[PATCH RFC V4 0/3] kvm: Improving directed yield in PLE handler

July 16th, 2012 - 04:30 am ET by Raghavendra K T | Report spam
Currently Pause Loop Exit (PLE) handler is doing directed yield to a
random vcpu on pl-exit. We already have filtering while choosing
the candidate to yield_to. This change adds more checks while choosing
a candidate to yield_to.

On a large vcpu guests, there is a high probability of
yielding to the same vcpu who had recently done a pause-loop exit.
Such a yield can lead to the vcpu spinning again.
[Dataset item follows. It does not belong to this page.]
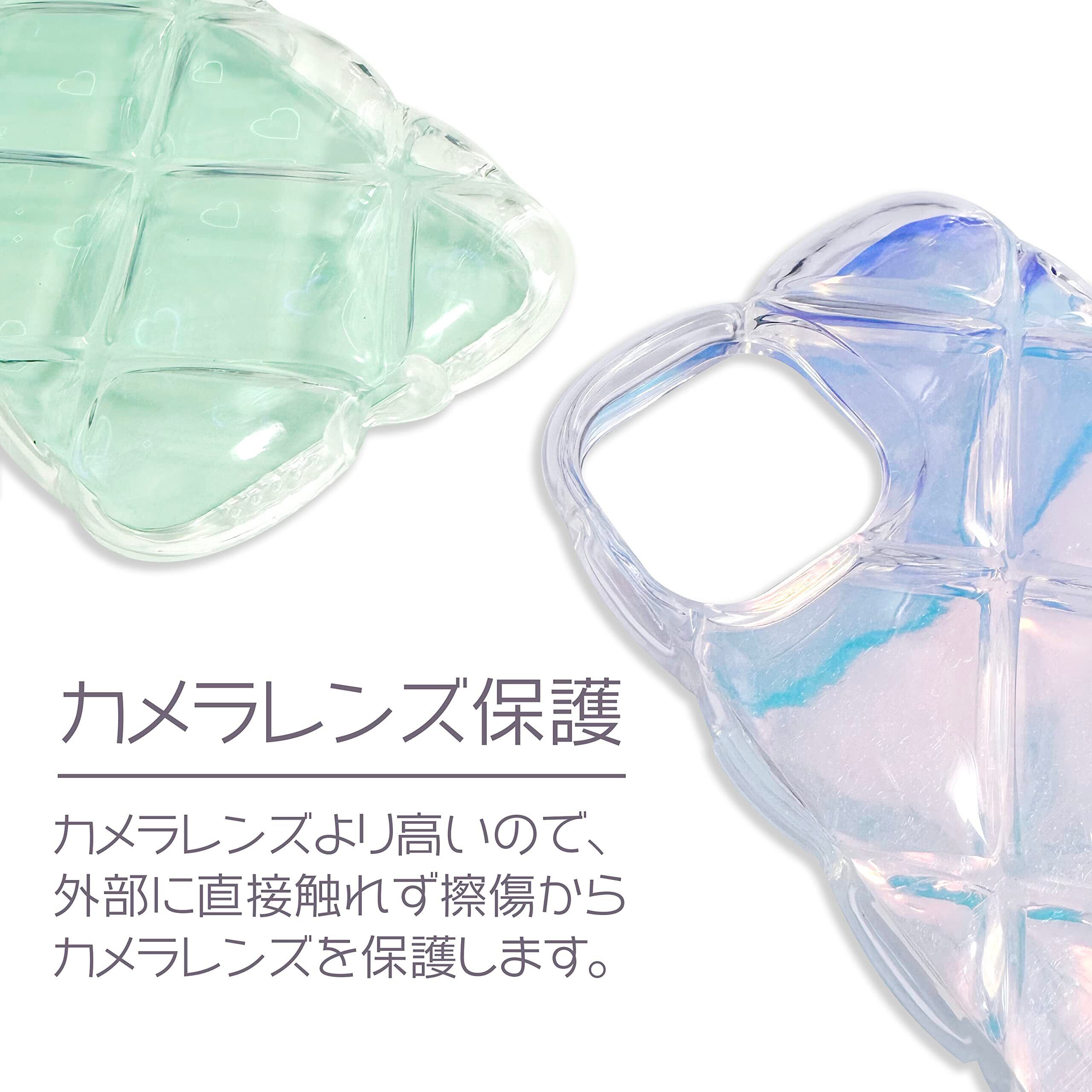 【保護性能UP】透明で設計されたアクアキルティングはアイホンのデザインをよりかわいく演出します。ケースカメラ部分にはカメラレンズより高く、カメラレンズの周りを保護し、レンズの傷つきを防止できます。

The patchset keeps track of the pause loop exit and gives chance to a
vcpu which has:

(a) Not done pause loop exit at all (probably he is preempted lock-holder)

(b) vcpu skipped in last iteration because it did pause loop exit, and
probably has become eligible now (next eligible lock holder)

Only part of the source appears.